Read RFC 2782 on random weighted load balancing of SRV records inside DNS. That algorithm is what I need implemented, but with an extension. I have groups of records I need to have the algorithm applied to where each group is treated separately from the others. I understand the operational complexity of what I'm doing. It is more like N^3, or more precisely G*P*W where G is the number of groups, P the number of priorities per group, and W the number of different weights per priority. But, the complexity of the algorithm means nothing in terms of performance  or run time because it will only ever deal with very small sets of records (maybe 20 rows of data, tops). Even if the algorithm were N^4, it wouldn't matter with that few records. But, more importantly, there are constraints in how the data is sub-divided. Primarily, G < P < W. Further, G and P are groupings which subdivide the entire set of data and the groups do not have overlapping data. So, maybe it's more like N^2.2 or something. But, regardless, we're only talking about 20 rows, tops. 

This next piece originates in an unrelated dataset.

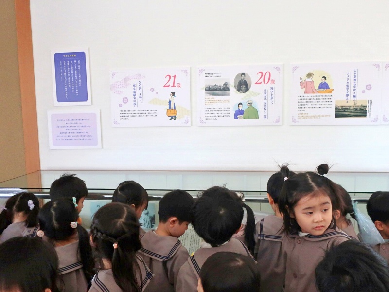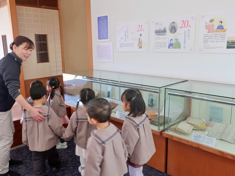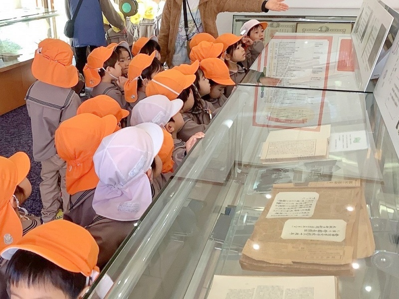 館内では、担任から「リヨウ先生」の生い立ちや、教育にかけた思いを聞いたり、国から贈られた賞状や、実際に使われていた書物など、貴重な展示品を見たりしました。子ども達は、「ここに住んでたの?」「大きな賞状だ!」と、興味津々でした。

The issue is how efficiently the languages can deal with arrays. In Perl, I have to parse a string into an array of data, then break it up into sub arrays inside associative arrays just to work with the input. I also have to splice the array to remove elements, which I don't think is very efficient. Any way I could come up with of removing elements involved rebuilding the entire array. The same thing goes for pl/pgsql. Dealing with arrays there is also not very efficient. I do a lot of constructing of arrays from sets of data using myvar = array(select blah);. While pl/pgsql was considerably faster than Perl, it cannot come close to what I did in C++ using a hash of a hash of a linked list. The two hash tables provide my groupings and the linked list gives me something that is highly efficient for removing elements as I pick them.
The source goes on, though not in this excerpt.